Neben den vielen Helfern des gastgebenden Clubs waren bei den total 72 Profis teilweise auch «alte Hasen» an den Taschen. Der auffallendste war Mark young (unten): Der Engländer begleitet schon seit zehn Jahren den Profi George Ryall und tut dies immer im Hemd und mit einer stilvollen Krawatte. «Klar ist es heiss, aber das gehört für mich einfach dazu», erklärte er. Dabei ist er eigentlich vor allem der Physiotherapeut von Ryall und «hasst Golf», wie er lachend anfügte. Ganz anders Paul burkhard (unten): Der Gründer von MidAmateure.ch ist ein «Golfverrückter». Am Donnerstag organisierte er eines «seiner» Turniere im Schloss Goldenberg und von Freitag bis Sonntag war er Caddie von Santiago Luna. Der Spanier war voller Lob für Burkhard: «Fantástico» sei Burkhard gewesen und er hoffe sehr, dass er nächstes Jahr wieder auf seine Dienste zählen könne. Für Burkhard war es eine super Erfahrung – auch als sehr guter Amateur könne man sehr viel von den Cracks abschauen: «Sie schwingen so locker, einfach eindrücklich war es für mich.» Luna hatte zwar keinen Ball verloren, doch kaufte er sich im Proshop noch zwei Schachteln Pro V1. Allerdings nicht für sich, sondern als Dank an den Caddie. Trotzdem wunderte sich ein verschwitzter Burkhard, wieso das Bag von Luna «wohl noch zusätzliche Stahlplatten eingebaut hat».

Zumindest während dem Turnier konnte er es gemütlich nehmen und selber mal den Routiniers zuschauen: Head-Greenkeeper Marcel Siegfried (unten) beobachtete am Samstag den letzten Flight auf diversen Grüns. Durch den Wind am Freitag waren sie pfeilschnell geworden und die Tourverantwortlichen wünschten sich etwas weichere Greens. So wässerten die Leute von Sonderegger einige Greens. Mit 11,4 auf dem Stimpmeter waren die ondulierten Flächen immer noch anspruchsvoll genug.

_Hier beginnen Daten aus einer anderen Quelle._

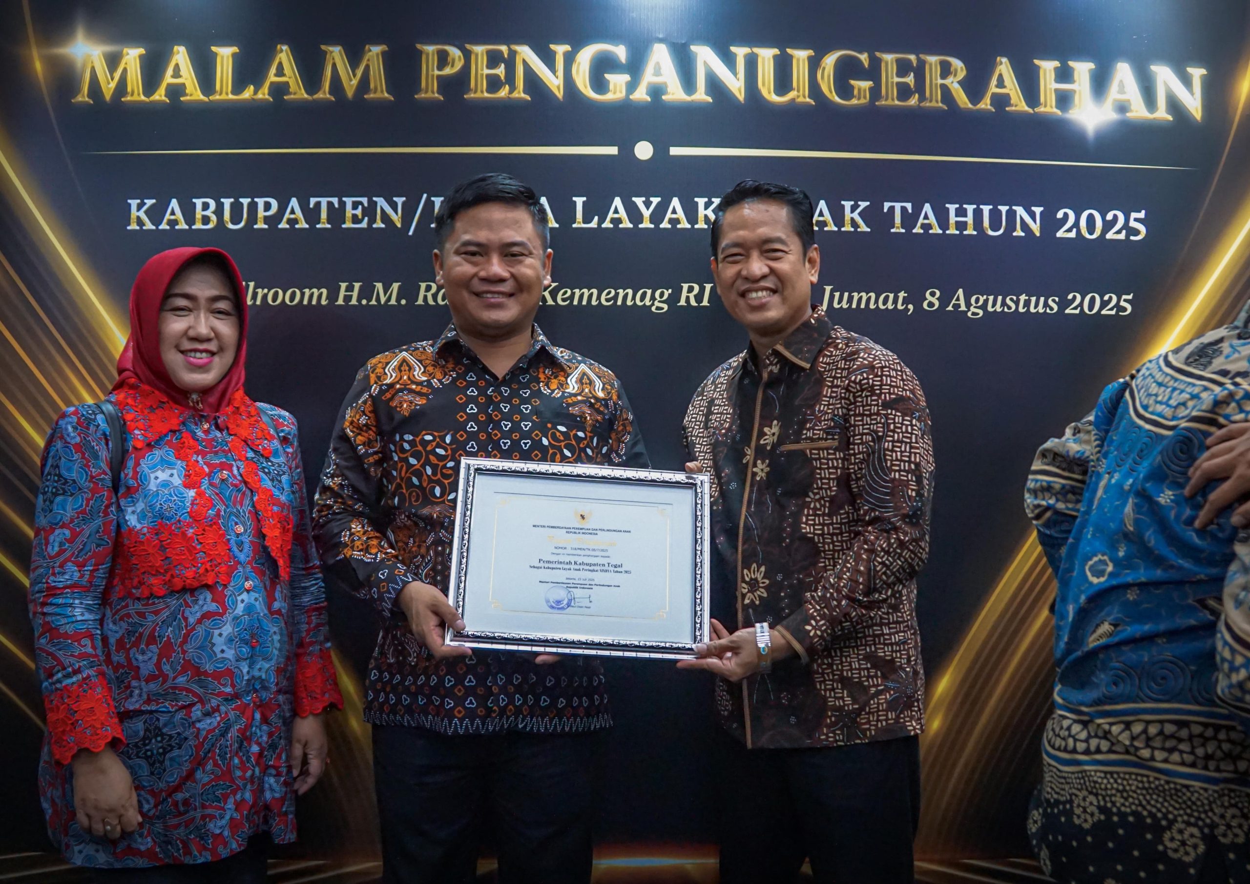 SLAWI, smpantura – Kabupaten Tegal mempertahankan prestasinya sebagai Kabupaten Layak Anak Kategori Nindya di tahun 2025. Penghargaan itu diberikan bersamaan dengan 355 Kabupaten/Kota dan 13 provinsi di Indonesia di Jakarta, Jumat (8/8/2025).
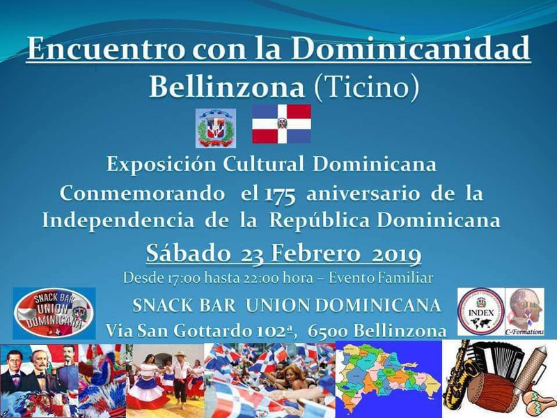 Con motivo del 175 aniversario de la Independencia de la Republica Dominicana (27.Feb.1844 - 27. Feb. 2019), Cornelio Perez (C-Formations) ha realizado una exposicion de articulos, antiguedades, libros y rarezas dominicanas. Esta actividades se han llevado a cabo exitosamente a travez del INDEX (Instituto para Dominicanas y Dominicanos en el Exterior y el Partido Revolucionario Dominicano (PRD) con el interés de reforzar la identidad dominicana en el exterior y tanto para las nuevas generaciones de dominicanos y dominicanas, como para los multinacionales amigos de los dominicanos. https://www.facebook.com/Cornelio.Perez.Suiza
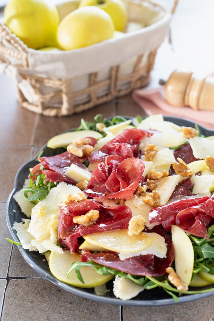Bresaola, rúcula, manzana y nueces. Las ensaladas veraniegas sabrosas o simplemente las ensaladas en general son mi pasión y las que más me gustan son las ensaladas con fruta fresca y fruta seca, exactamente como esta ensalada con rúcula, manzana, nueces, bresaola y Grana Padano. Una ensalada que, si se acompaña con unos crostini de pan aromatizados al horno o con el simple pan casero, se convierte en un plato único sano y ligero, ¡realmente sabroso! Vamos a la cocina, os explico mi receta en un momento, pero antes os recuerdo que si queréis estar al día con mis recetas, podéis seguir mi página de Facebook (aquí) y mi perfil de Instagram (aquí).
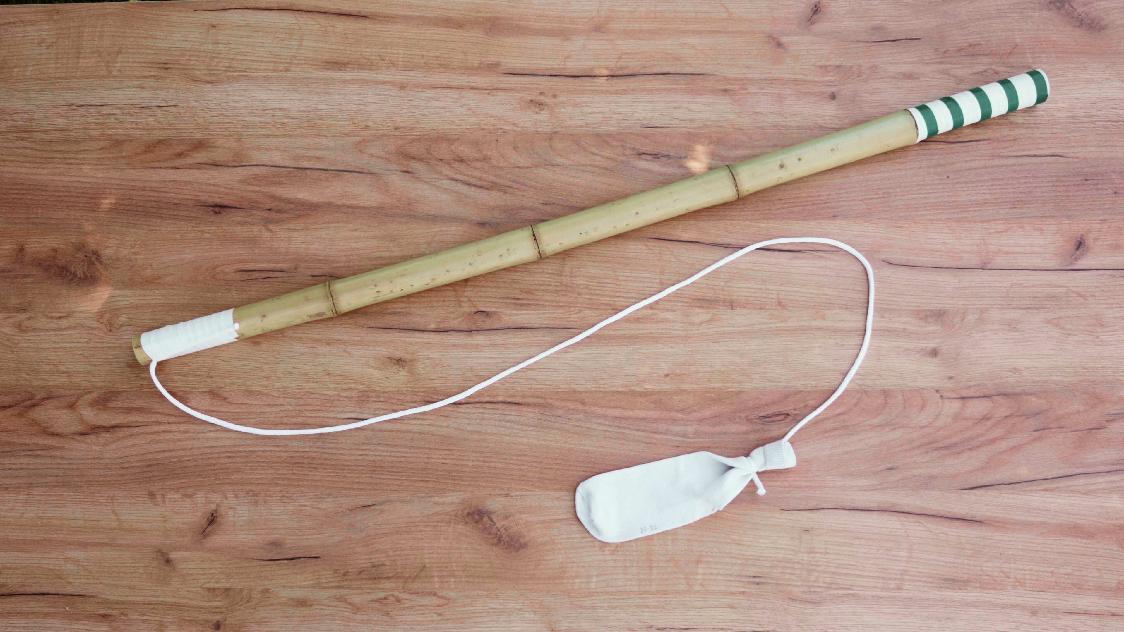 Messe als erstes das Bambusrohr auf 110 cm ab und säge es entsprechend zu.
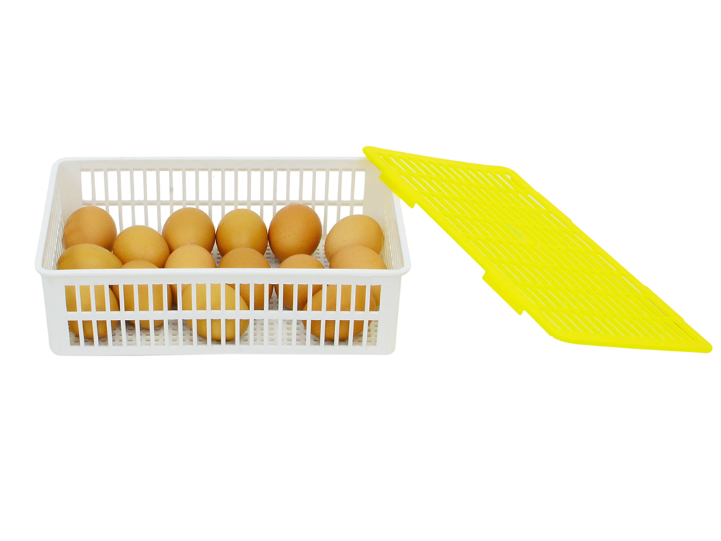 K umístění vajec před vylíhnutím ze skořápky, vhodný do líhní CIMUKA série PD, s kapacitou 15ks slepičích vajec, snadná manipulace přes víko košíku, vysoká cirkulace vzduchu - prodyšná konstrukce, z omyvatelného plastu.
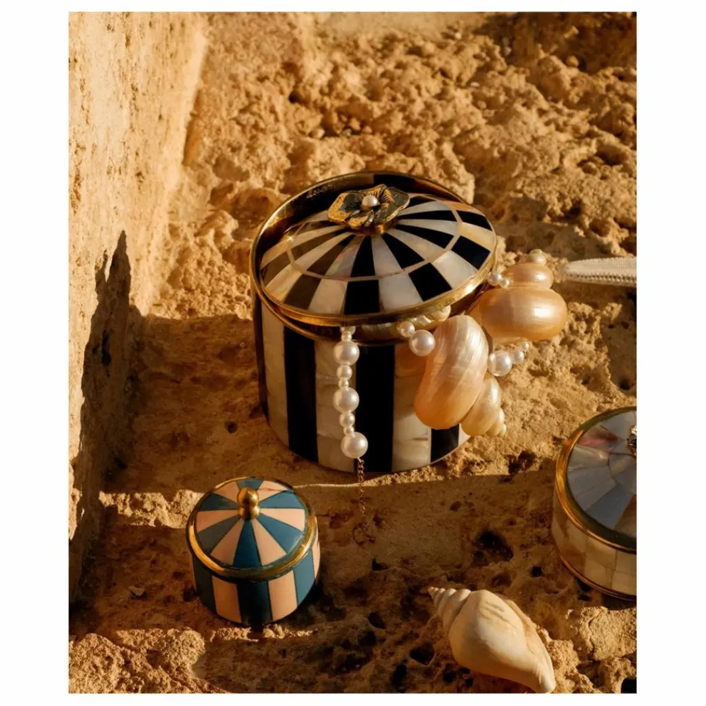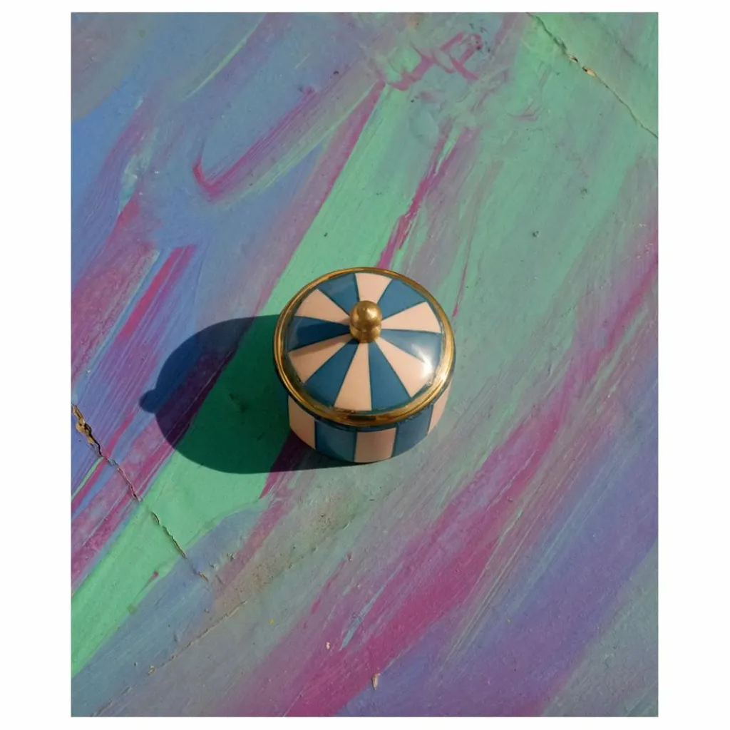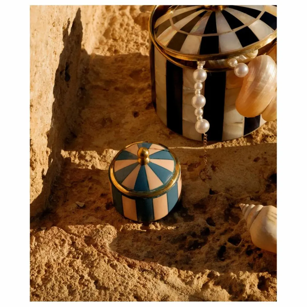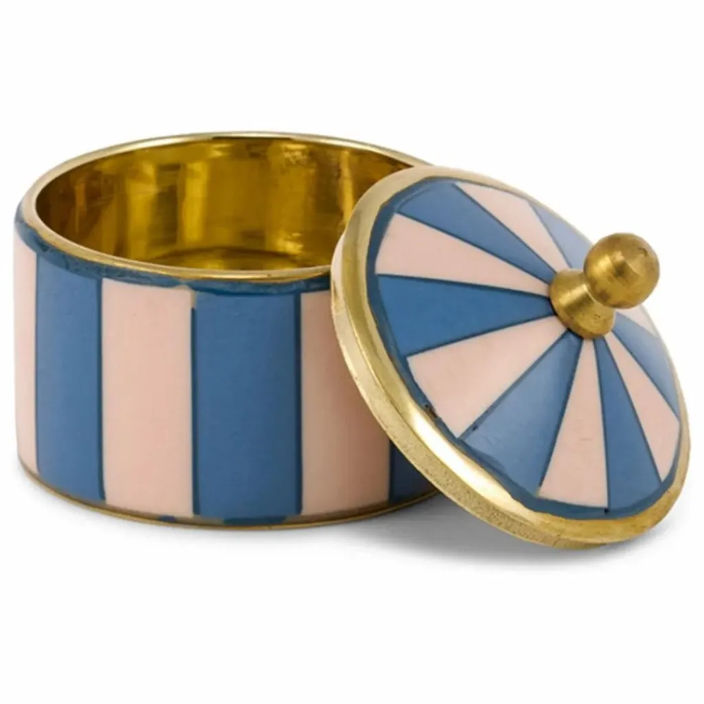 - Améliorez votre espace avec la Bailey Circus Box Blue, une boîte magnifiquement fabriquée à la main qui allie le charme ludique à la sophistication. Dotée d’un ravissant motif rayé bleu et rose rehaussé de détails en laiton doré, cette pièce est à la fois décorative et pratique. De taille compacte (5 x 5 x 5 cm), elle est parfaite pour ranger bijoux, bibelots et autres petits trésors.
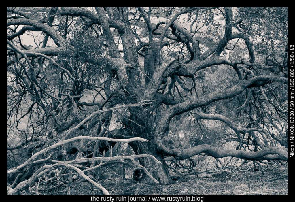 I don’t usually convert colour photos to black and white but sometimes it’s a good way to explore other qualities of an image. Black and white emphasises tonality, texture, and geometry. Just look at all of the twisting branches in the photo above. Even at ISO 800 in dull light, the Nikon D200 produces little noticeable noise. I didn’t bother to apply any noise reduction at all since the digital noise pattern is quite fine.
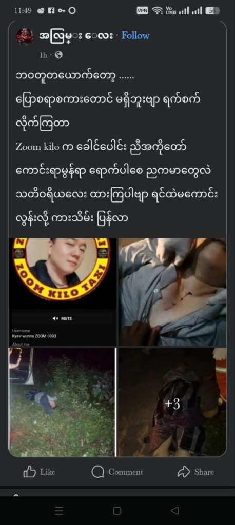 တပ်မတော်နဲ့ နီးစပ်တဲ့ တယ်လီဂရမ် ချန်နယ်တချို့မှာတော့ သေဆုံးသူက Foog Blogger ကိုကျော်ဝဏ္ဏလို့ သိရပြီး PDF တွေ လုပ်ကြံတယ်လို့ ဆိုထားပါတယ်။ သေဆုံးသူက Zoom Kilo Taxi ယာဉ်မောင်းအဖွဲ့ဝင်ဖြစ်ကာ သူမောင်းနှင်တဲ့ ယာဉ်က Probox အမျိုးအစား အဖြူရောင်ယာဉ်ပါ။
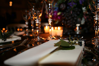 The reception centerpieces were designed low to the table, allowing the evening to feel like an intimate candlelit dinner party. I considered the whole tablescape when creating the brides reception design. Vintage inspired silver-footed compote bowls overflowed with bountiful creations of Dutch blue hydrangea, purple lisianthus and garden stock, camellia foliage and velvety dusty miller. We chose chairs only found at Tablescapes Rentals that feature a champagne colored finish – a warm accent to the silver tones used on the table. Exquisite solid silver chargers were topped with a folded navy napkin framing the dinner menu and a charming sprig of seasonal privet berries. The elegant shape of the Murano stemware oozed elegance, as the table was lit with an abundance of candlelight.
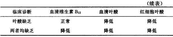 释义 | 巨幼红细胞性贫血 【释义】: 巨幼细胞贫血(megaloblastic anemia),简称巨幼贫,系细胞脱氧核糖核酸(DNA)合成障碍所致的一组贫血。其特点为骨髓及外周血细胞呈特殊巨型改变的大细胞性贫血。主要原因是叶酸和(或)维生素B12缺乏,故称为营养性巨幼细胞贫血。 【诊断】: 1.病因与分类 (1)缺乏叶酸 绿色蔬菜及水果中,叶酸含量丰富。若食物烹调不当,致叶酸损耗过多;小儿生长发育期、妊娠及哺乳期,叶酸需要量增多;老人饮食不佳,而人体内叶酸储备并不丰富,都有可能致叶酸缺乏。此外某些小肠疾病如炎症、淋巴瘤、空肠结肠瘘以及应用某些药物,都可影响叶酸代谢及利用等。 (2)缺乏维生素B12 动物性食物中有多类维生素B12,人体内储备亦相当充分,可供数年之需,故食入不足者少。但在贫困地区、生活水平低下、小儿发育生长及哺乳期需要量增多,可导致摄入不足。胃肠道或胰腺疾病,维生素B12吸收不良,是巨幼贫发生的重要原因。 (3)缺乏内因子 分为原发性和继发性两种,原发性见于恶性贫血,与自身免疫产生内因子抗体有关;继发性见于萎缩性胃炎,全胃或胃大部切除术后。 2.临床表现 (1)症状 1)贫血 起病缓慢,逐渐加重。如胃切除后可数年方出现,但妊娠妇女可发病较急。多表现为头晕疲乏、心悸气促、活动后加剧伴面色苍白。 2)消化道症状 常见消化不良,食欲不振,可有腹泻,约半数病例发生舌炎。 3)神经系统病变 主要是缺乏维生素B12所致。初起感全身乏力,手足有对称性针刺或蚁行感,或手套、袜套症状,逐渐出现感觉减退。还可有脑部症状:嗜睡、狂躁、妄想、抑郁,小儿可有智力发育迟滞等。 (2)体征 可见贫血貌。心脏扩大,出现贫血所致杂音,亦可见黄疸。舌呈紫红,烧灼痛,或有溃疡,严重者涉及整个口腔或咽部。少数有脊髓后侧索及周围神经受损的症状,进展缓慢。神经系统病变可单独出现,或发生在贫血之前。 3.辅助检查 (1)血象 大细胞性贫血。红细胞计数明显减少,血红蛋白下降相对较轻。红细胞指数:MCV大于100fl,MCHC大于30%。多数红细胞呈大卵圆形。白细胞和血小板亦常减少,中性粒细胞分叶过多(5叶者>5%或6叶者>1%)。 (2)骨髓象 骨髓明显增生,红系呈典型巨幼红细胞生成,巨幼RBC>10%。粒细胞系统及巨核细胞系统亦有巨型变,特别是晚幼粒细胞改变明显,核质疏松、肿胀。巨核细胞有核分叶过多、血小板生成障碍。 (3)血清叶酸或维生素B12测定 血清叶酸测定(放射免疫法)<6.91nmol/L(<3ng/ml),红细胞叶酸测定(放疫法)<227nmol/L(<l00ng/ml)。血清维生素B12测定(放疫法)<74~103pmol/L(<100~140ng/ml)。见表6-3。 表6-3 叶酸及维生素B12缺乏的诊断 (4)维生素B12吸收试验(Schilling试验) 可鉴别维生素B12缺乏的原因。先给患者口服57Co或58Co标记维生素B120.5~1μg,1~2小时后,予维生素B121000μg肌注,收集24小时尿,正常人标记维生素B12排出量为8%~10%以上;维生素B12吸收不良者常低于7%。在一周之后再做第二次试验,并同时口服内因子60mg。共作2次,如2次试验排泄量均减少,则为吸收不良;若第1次结果低下,而第2次结果正常者,则示内因子缺乏。 (5)3H标记叶酸吸收试验 给予饱和剂量的叶酸,一般用叶酸15mg注射,然后口服3H标记叶酸40μg/kg,收集24小时尿。正常人应当排除28%以上,叶酸缺乏者排泄量减少。 (6)血清高半胱氨酸水平增高(正常为7~22μmol/L)。 (7)脱氧尿嘧啶核苷抑制试验 患者试验结果异常,并可被叶酸和维生素B12所纠正。此试验常用在尚无贫血表现之患者。 (8)其他 血清LDH、胆红素和尿中尿胆原水平升高,与无效性红细胞生成有关。LDH同工酶测定有助于鉴别巨幼红细胞性贫血和其他类型贫血。 4.鉴别诊断 本病需与非叶酸或维生素B12缺乏所致巨幼贫、先天性巨幼贫、红血病、骨髓异常增生综合征(RA型)以及维生素B1反应性巨幼细胞贫血等鉴别。 【治疗】: 1.基本原则 (1)营养知识教育及改善营养情况 改善烹调习惯,纠正偏食。对小儿生长发育期、妊娠及哺乳期,注意摄入。 (2)治疗原发病情 有小肠疾病如炎症、淋巴瘤、空肠结肠瘘等胃肠道疾病或胰腺疾病者,要积极治疗原发疾病。 (3)补充缺乏的物质 应进行多种必要辅助检查,包括测定血清叶酸或维生素B12水平,了解病情的情况下,进行所缺物质的补充。 2.叶酸 叶酸5mg,每日3次,至贫血纠正,一般不需维持治疗。不能口服者,可用甲酰四氢叶酸肌内注射。营养行者,一般以缺乏叶酸多见。可每日给予叶酸10~30mg,分次口服,直至症状完全消失。恢复期将剂量递减到每日5~10mg。 恶性贫血有神经系统症状者,不可单独使用,必须同时加用维生素B12,因单独使用叶酸,会消耗体内维生素B12,可出现或加重神经系统症状。 3.维生素B12 除少数营养性维生素B12缺乏可口服维生素B12外,绝大多数患者均应经肠道外给予维生素B12。营养性巨幼红细胞贫血,用维生素B12100μg,每日1次。1~2周后,网织红细胞上升,改为隔日一次,逐渐延长间歇期,可每月1次。胃切除后贫血,同样处理。症状与血象改善后,可逐步停药,不必长期服用。 恶性贫血时用维生素B12,每日100μg肌注,连续两周。以后维持量为每月肌注1次,每次100μg,治疗后5~10d可有明显网织细胞增多现象,神经系统症状恢复较慢。如肯定为恶性贫血,需终身用药。 4.诊断性治疗 叶酸100μg口服,每日1次,共10d;同时食物中避免肝、新鲜水果及绿叶蔬菜等。4~6d后网织红细胞上升,考虑是叶酸缺乏(此法一般用于急需进行治疗又
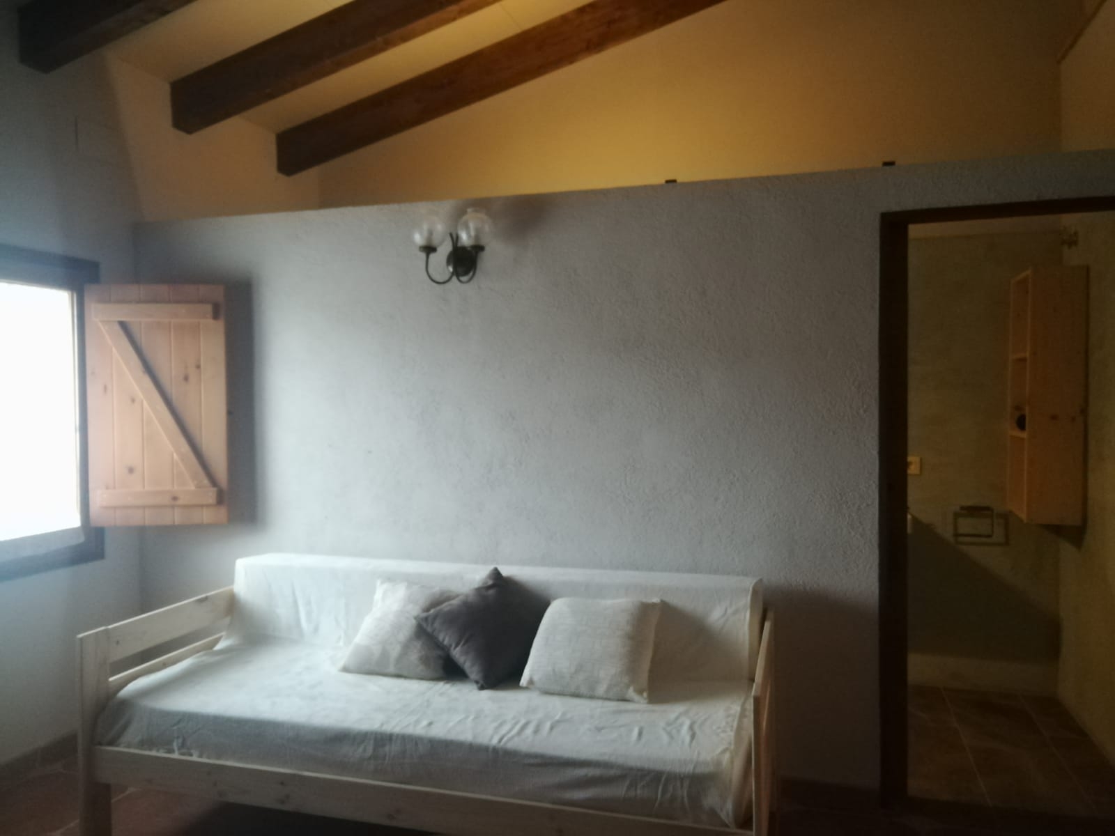 Habitación exterior triple de 25 m². Paredes de piedra originales y altos techos con vigas de madera. Mobiliario de madera natural y ecológica. Vistas a la sierra de Montpedrós.
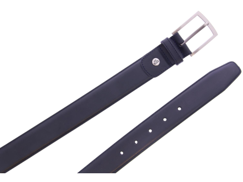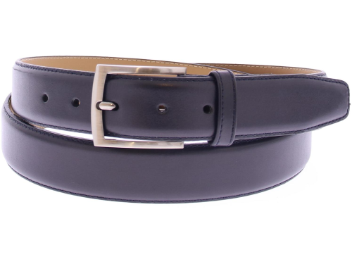 Donkerblauwe leren heren riem van Van Bommel. Deze riem is leer tegengevoerd en in te korten aan de gesp kant.
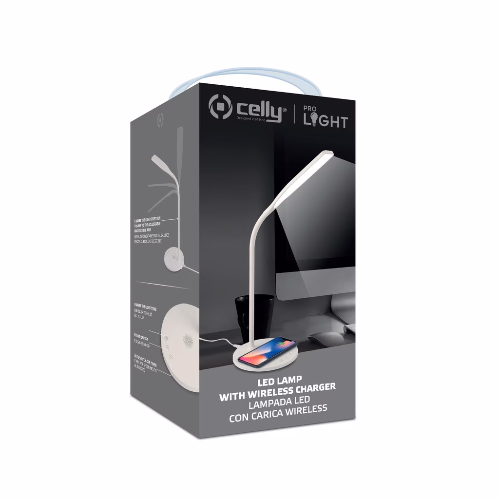 Caricabatterie wireless/senza fili Bianco microusb CELLY WLLIGHT10W - 10W Led Lamp with Wireless Cha
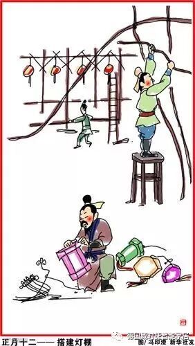 正月十二,搭建灯棚。元宵节将近,开始做元宵赏灯的准备工作。
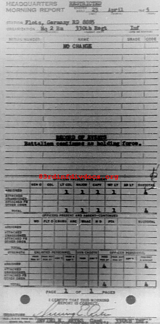 Morning report HQ2BN/330 for April 23, 1945
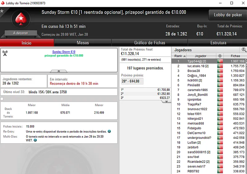 Hoje realiza-se o dia 2 do Sunday Special €100 e do Sunday Storm €10, em jogo estão mais de €21 mil.

So brauchten die meisten Profis deutlich mehr Putts, als ihnen lieb war. Das bedeutete auch Mehrarbeit für die vielen Marshals, die mit ihren Tafeln für Ruhe während dem Spiel sorgten. Er müsse wohl am Montag zum Rheumatologen, sagte beispielsweise Schimun Murk (unten). Statt einem Tennisarm habe er nun einen «Quiet please»-Arm, scherzte der ehemalige Kurdirektor von Lenzerheide, der jedes Jahr am Grossevent mithilft und stets für gute Laune sorgt. Wenn jemand im falschen Moment hustet, verteilt er beispielsweise statt einer Mahnung ein Hustenbonbon.